А изъ этого не выходило толку. Всѣмъ этимъ искусствомъ она зарабатываетъ очень скудныя средства. А было время, когда она мечтала даже разбогатѣть. Чего проще: въ нее влюбится богатый молодой человѣкъ, возьметъ ее себѣ... на содержаніе, купитъ ей хорошенькій домикъ, найметъ ей прислугу и она, съ дѣтства прислуживавшая людямъ, слышавшая отъ нихъ только приказанія и брань, заживетъ хозяйкою, сама будетъ имѣть горничную, которая будетъ звать ее барыней!
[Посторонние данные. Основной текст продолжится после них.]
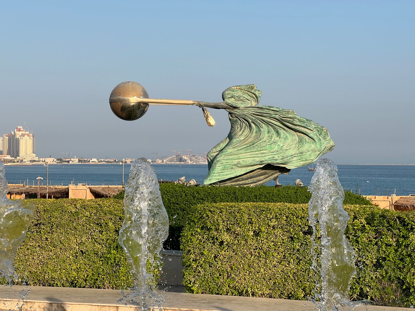 The Force of Nature II at the Katara Amphitheatre is a large bronze sculpture by Lorenzo Quinn depicting Mother Nature as a woman hurling the planet in circles.
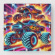 Neon Monster Trucks on a Flaming Action-Packed Square Wall Clock

Человѣкъ не можетъ жить безъ того, чтобы не фантазировать и не мечтать. Мечты вводятъ лучъ свѣта въ самую тяжелую и мрачную обстановку его жизни, облегчаютъ его душу на крайней ступени несчастья и нищеты. Каждый мечтаетъ по своему; мечтаютъ и погибшія созданія. Развѣ Аннушка могла мечтать стать богатой, сытой, независимой, замужествомъ или трудомъ? Ей остался только одинъ путь къ этому: она надѣялась, что ремесло, которымъ она жила, выручитъ ее. Она не могла отказать себѣ въ утѣшеніи мечтать объ этомъ. Еслибы она потеряла и надежду на лучшее будущее, то развѣ стоило бы жить?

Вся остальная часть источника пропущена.